During the voyage, which had its own vicissitudes, the joke was kept up amongst the three women. The stewardess, seeing that the two ladies only spoke of it in privacy, exemplified that discretion which the Captain had commended. Only once did she forget herself, but even then fortune was on her side. It was during a day when Joy was upset by a spell of heavy weather and had to keep her cabin. In the afternoon her father paid a visit to her; and Mrs. O'Brien in reporting progress to him said that "her Ladyship" was now on the road to recovery and would be on deck very shortly. Colonel Ogilvie made quite a lot of the error which he read in his own way. He said to his sister-in-law as they paced the deck together:

"Capital woman that stewardess! There is a natural deference and respect in her manner which you do not always find in people of her class. Will you oblige me, Judy, by seeing, when the voyage is over, that she gets an extra honorarium!" Judy promised, and deftly turned the conversation; she felt that she was on dangerous ground.

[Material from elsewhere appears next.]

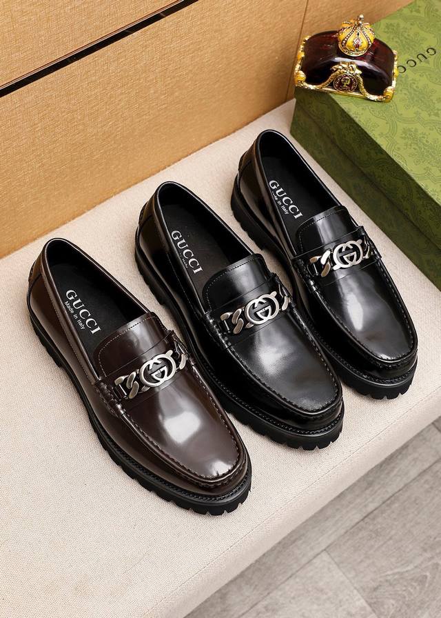 精品推荐**古奇**最新商务正装皮鞋 官网同步 市场上顶级版本 纯手工制作.面料:进口小牛皮配水染牛里38、39、40、41、42、43、44...

Judith Hayes called herself an old maid, not believing it to be true; but all the same there was in her make-up a distinctive trait of it: the manner in which she regarded a romance. Up to lately, romance however unlikely or improbable, had a personal bearing; it did not occur to her that it might not drift in her direction. But now she felt unconsciously that such romance must have other objective than herself. The possibility, therefore, of a romance for Joy whom she very sincerely loved was a thing to be cherished. She could see, as well as feel, that her niece by keeping it a secret from her father had taken the matter with at least a phase of seriousness. This alone was sufficient to feed her own imaginings; and in the glow her sympathies quickened. She had instinctively at the beginning determined not to spoil sport; now it became a conscious intention.

Mrs. O'Brien, too, in her own way helped to further the matter. She felt that she had a good audience for her little anecdotes of the child whose infancy she had fostered, and towards whom in his completed manhood she had a sort of almost idolatrous devotion. Seeing the girl so sympathetic and listening so patiently, she too began to see something like the beginnings of a fact. And so the game went merrily on.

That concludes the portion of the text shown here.